The streets were sodden and muddy with ash. The market was closed. Only the bones remained: old tables black with pud­dles, frame casings for hanging wares blown over, broken shelves and the refuse of the day before. Their footsteps echoed uneven­ly. They stepped over discarded fruit peels, bits of torn oilcloth and shards of broken clayware. On either side of her were the dull silent stone walls and before her the bent backs of Crob and Camlach. Maug walked apart from them, but she did not look at him.

She could never have said what she felt at that moment. She thought of the Stumble, the brook that ran through the hills and into Marmawell, and how it looked when it was dry in drought, no more than a gash of mud and stone, and buried in the mud, the slimy eyeless creatures that slept, waiting for the water to return. Which was the brook: the wormy bed in which the water ran or the bright quick water that hastened after a spring rain, cool and clear and silvered with little fish? And who was she? A young Oldwife who could spin spells like threads, whose father was sought by dragons, or a sorceress, a girl with­out a tapestry, a girl who lied and deceived and brought black magic?

She bumped into Crob. They had stopped before a small, roped-off herd of wingwands bundled together morosely, limp and bedraggled as a bouquet of bruised flowers. They had been penned for a long time, and the stench made Marwen’s eyes water. A near-naked boy standing by with a prodder approached them, winking and grinning.

“They’re cheap today. Nobody buying today, see. Three gold discs is all—take yer pick.” Crob stepped closer, but the boy barred his way with his prodder. “No closer please.
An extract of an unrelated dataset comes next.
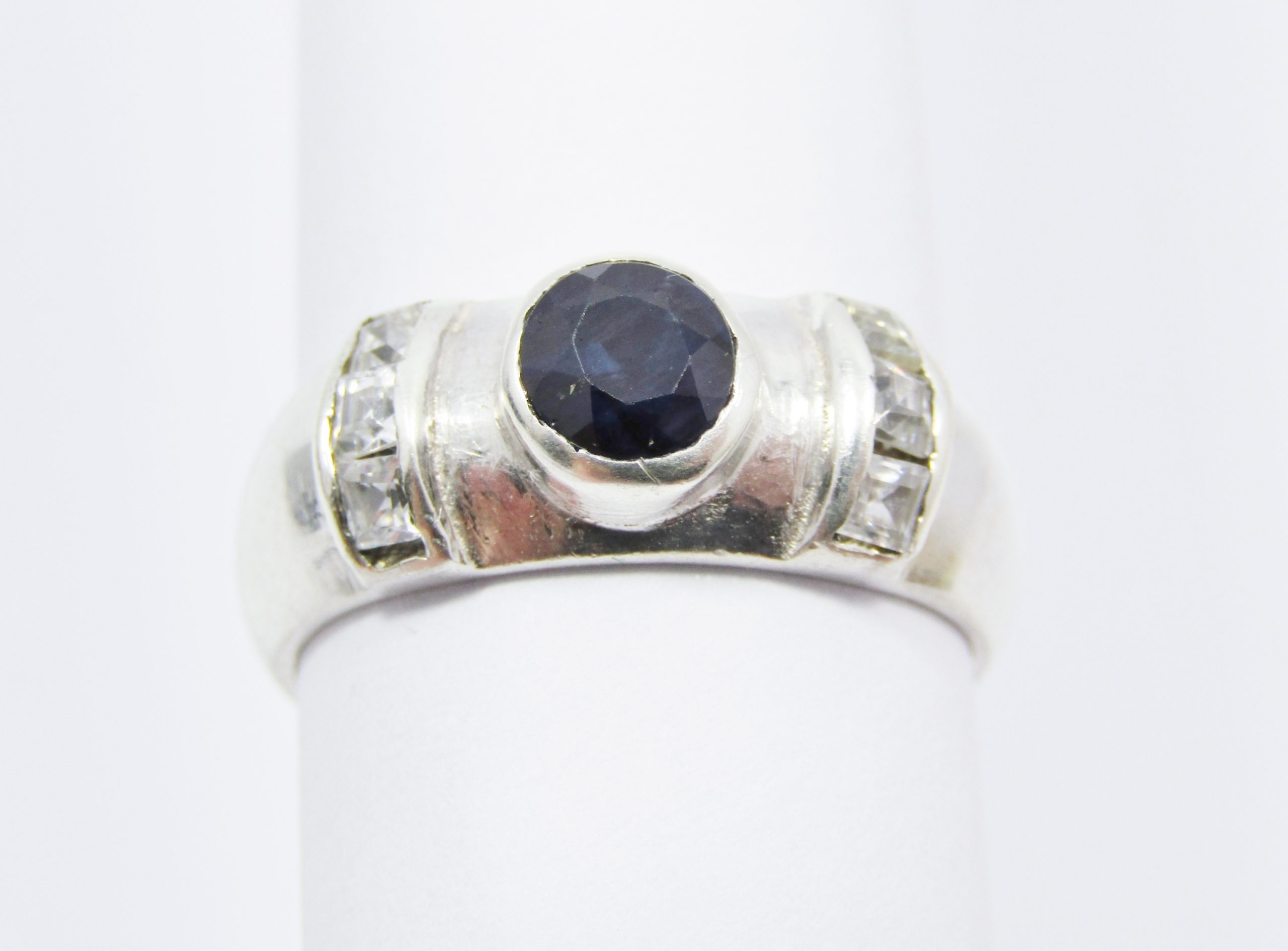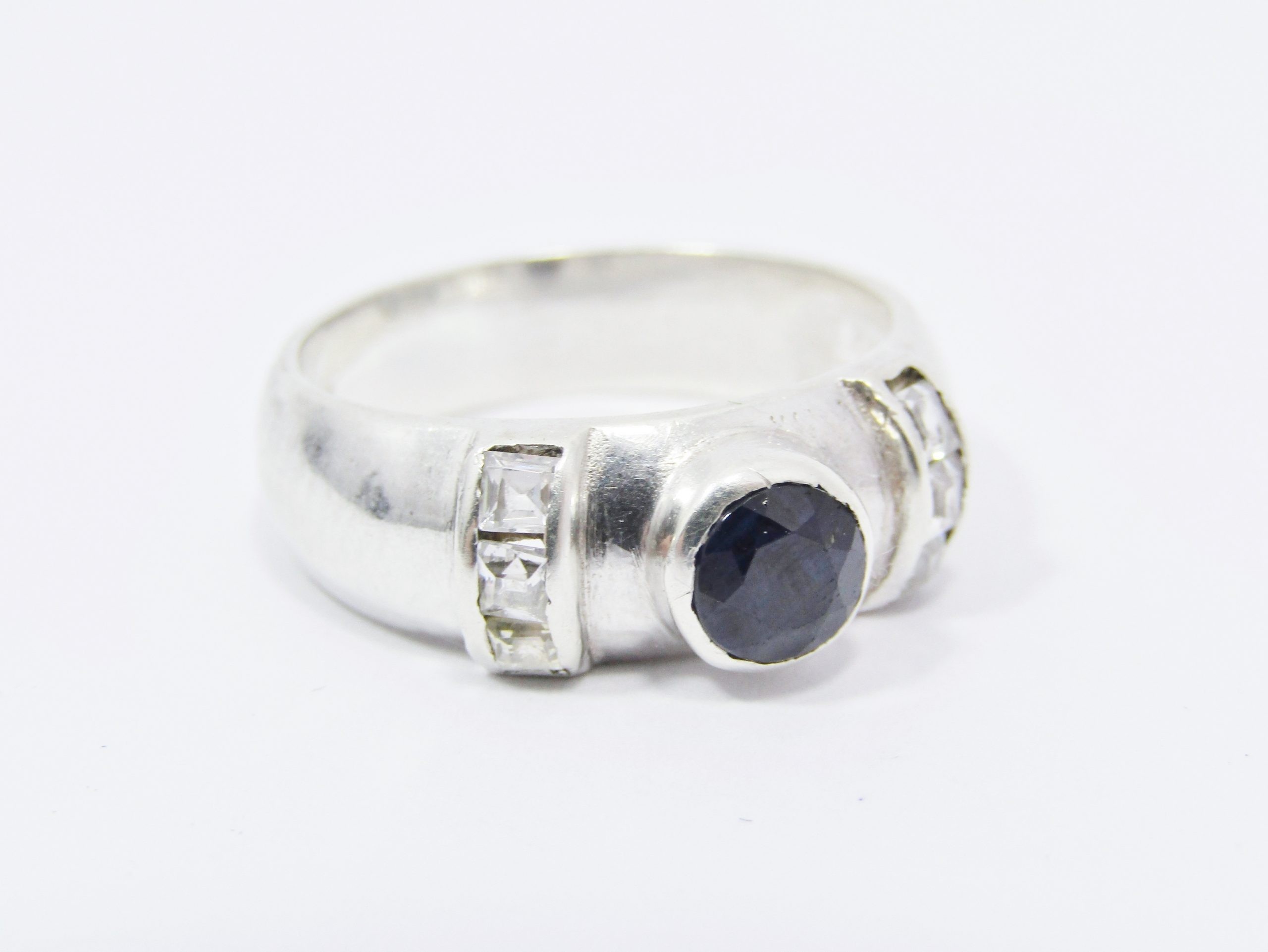 A Lovely Opaque Sapphire Ring in Sterling Silver-See photos showing you more detail and design on this very pretty piece -Set with tiny clear Zirconia's for sparkle - marked accordingly 925 Sterling Silver.

They bite.” He grinned, baring his brown teeth, and winked.

Crob growled, but Camlach shook his head, warning him silently not to make a scene. “That one, then,” Crob said point­ing to a handsome female with pale blue head, feet, and wings.

“Ah, Chalkhill Blue. Good choice, ol’ molehead,” the boy said. Crob growled again.

“I will have the young male with the hump,” Camlach said quickly. He had chosen a huge orange and scarlet beast, and when its wings rustled, they flickered like flame. It appeared to be a muscular animal, though its backfur, even from here, looked dirty and matted.

“Wi-Bisti,” the boy nodded.

“And one more,” Camlach said. Marwen met his eyes. His eyelids were blue from bruising and his lip seemed drawn down by a scar on his mouth. He was much better. But even in the cage where she’d first seen him there hadn’t been this much pain in his eyes. He didn’t smile at her, but neither did he look away. “Your price was one wingwand. You can share your mount with Maug if you will.”

Marwen nodded once and pointed into the herd. “I will have that one, the mottle-brown.”